__Task to carry out__.
Pictures aside, return all of the records exactly as they stand.

__Supplied data__.
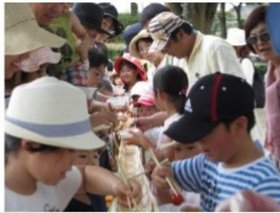
流しそうめん!! (7月30日)
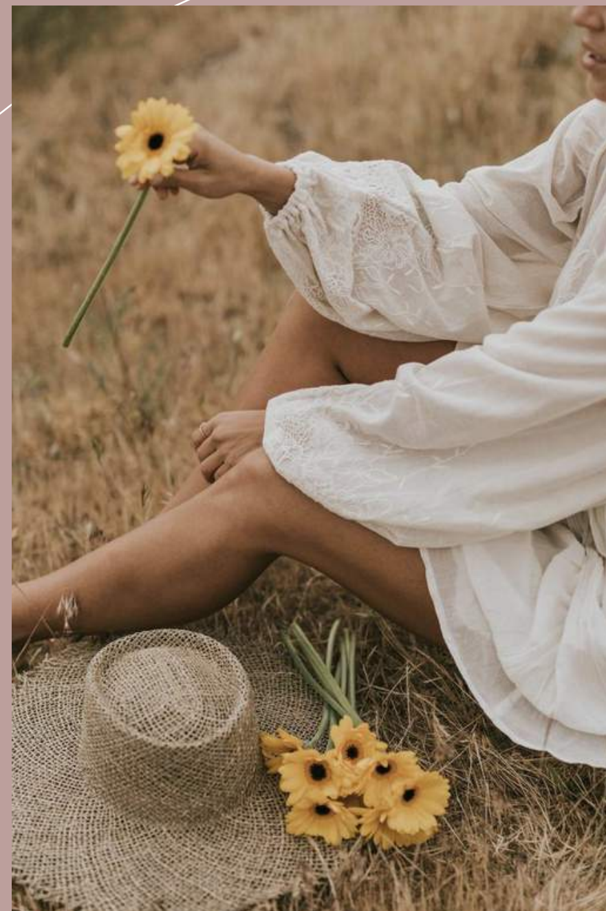
Por Michele Vasconcelos

Como tudo começou? Igualdade e propósitos da Criação da Mulher. Auto estima e a busca por força feminina.
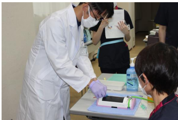
注射・点滴静脈注射の実践 初期臨床研修医も実技に参加
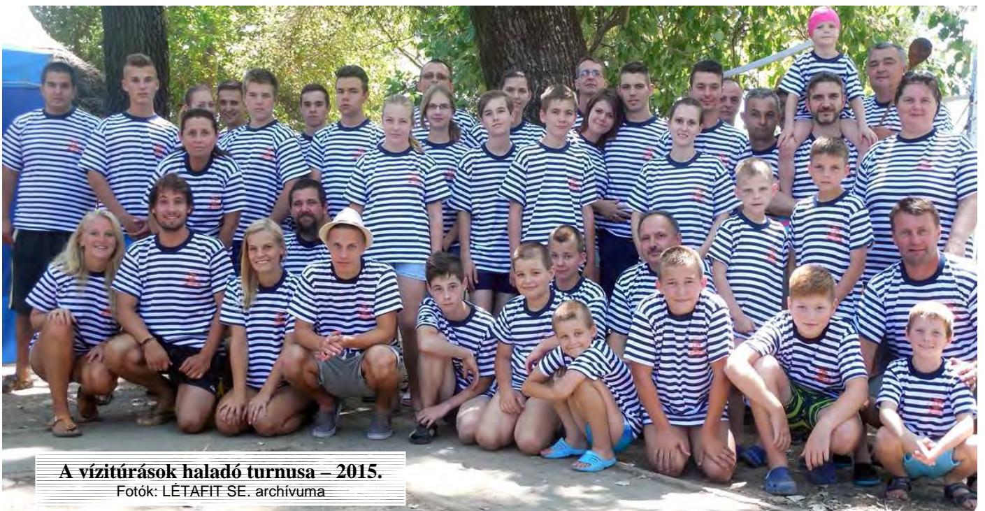
A vízitúrák haladó turnusa – 2015.
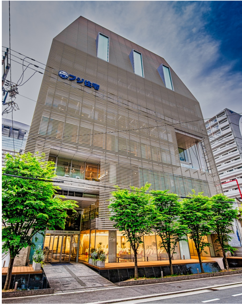
【大阪支社ビル新社屋 外観】
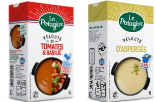
左) ラ・ポタジュールトマトとバジルのスープ 右) アスパラガススープ

価格：トマトとバジルのスープ 1,030g 本体398円（税込429.84円） アスパラガススープ 1,030g 本体498円（税込537.84円）

__Exercise answer__.
流しそうめん!! (7月30日)
Por Michele Vasconcelos

Como tudo começou? Igualdade e propósitos da Criação da Mulher. Auto estima e a busca por força feminina.
注射・点滴静脈注射の実践 初期臨床研修医も実技に参加
A vízitúrák haladó turnusa – 2015.
【大阪支社ビル新社屋 外観】
左) ラ・ポタジュールトマトとバジルのスープ 右) アスパラガススープ

価格：トマトとバジルのスープ 1,030g 本体398円（税込429.84円） アスパラガススープ 1,030g 本体498円（税込537.84円）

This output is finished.